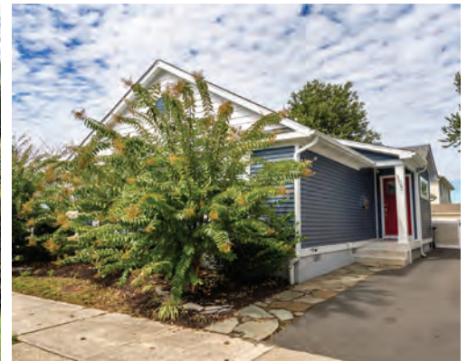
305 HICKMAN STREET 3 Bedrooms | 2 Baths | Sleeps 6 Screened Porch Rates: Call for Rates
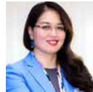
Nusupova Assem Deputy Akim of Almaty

* * *

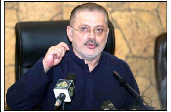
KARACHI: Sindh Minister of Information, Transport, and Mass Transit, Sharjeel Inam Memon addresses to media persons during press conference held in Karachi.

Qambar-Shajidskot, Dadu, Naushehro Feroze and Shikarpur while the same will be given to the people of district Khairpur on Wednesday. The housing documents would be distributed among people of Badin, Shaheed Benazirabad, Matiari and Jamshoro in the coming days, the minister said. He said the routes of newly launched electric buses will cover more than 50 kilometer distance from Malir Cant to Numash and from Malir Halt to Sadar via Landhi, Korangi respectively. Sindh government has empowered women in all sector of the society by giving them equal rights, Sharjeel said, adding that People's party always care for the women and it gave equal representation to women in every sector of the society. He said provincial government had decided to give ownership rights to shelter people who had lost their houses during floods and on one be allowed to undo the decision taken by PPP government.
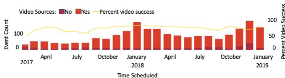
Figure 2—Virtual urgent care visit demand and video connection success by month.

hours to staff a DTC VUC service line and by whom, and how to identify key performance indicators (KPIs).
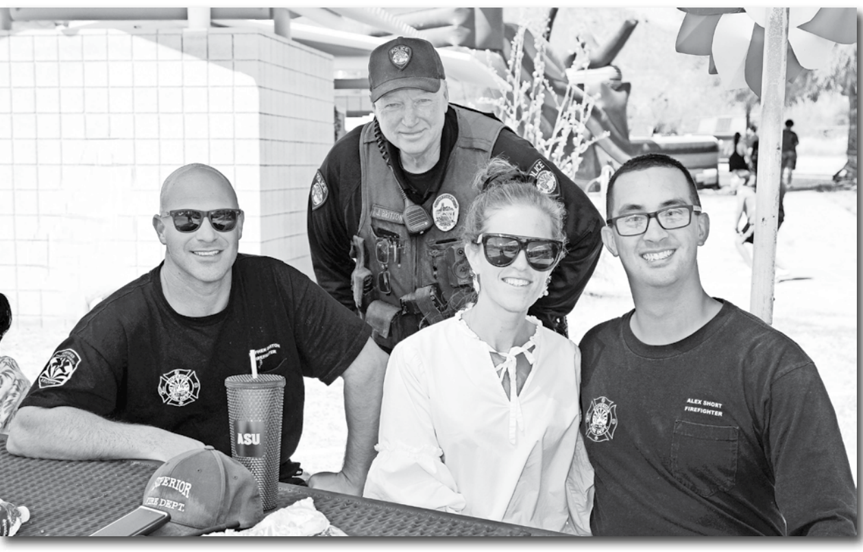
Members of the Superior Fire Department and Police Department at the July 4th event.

...

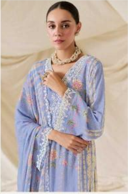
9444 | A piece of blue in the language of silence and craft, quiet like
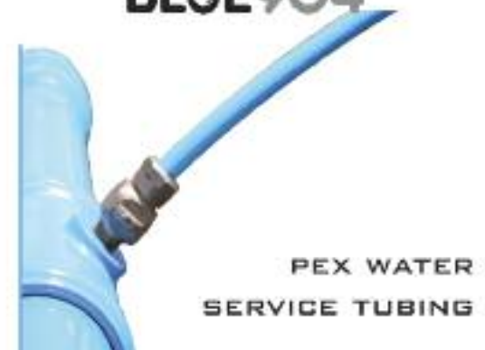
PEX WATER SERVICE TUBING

◆ **PROBLEM REQUIREMENTS**:
Search the preceding listing for "Sharjeel", then copy every line that holds it.

◆ **WORKED SOLUTION**:
KARACHI: Sindh Minister of Information, Transport, and Mass Transit, Sharjeel Inam Memon addresses to media persons during press conference held in Karachi.
Qambar-Shajidskot, Dadu, Naushehro Feroze and Shikarpur while the same will be given to the people of district Khairpur on Wednesday. The housing documents would be distributed among people of Badin, Shaheed Benazirabad, Matiari and Jamshoro in the coming days, the minister said. He said the routes of newly launched electric buses will cover more than 50 kilometer distance from Malir Cant to Numash and from Malir Halt to Sadar via Landhi, Korangi respectively. Sindh government has empowered women in all sector of the society by giving them equal rights, Sharjeel said, adding that People's party always care for the women and it gave equal representation to women in every sector of the society. He said provincial government had decided to give ownership rights to shelter people who had lost their houses during floods and on one be allowed to undo the decision taken by PPP government.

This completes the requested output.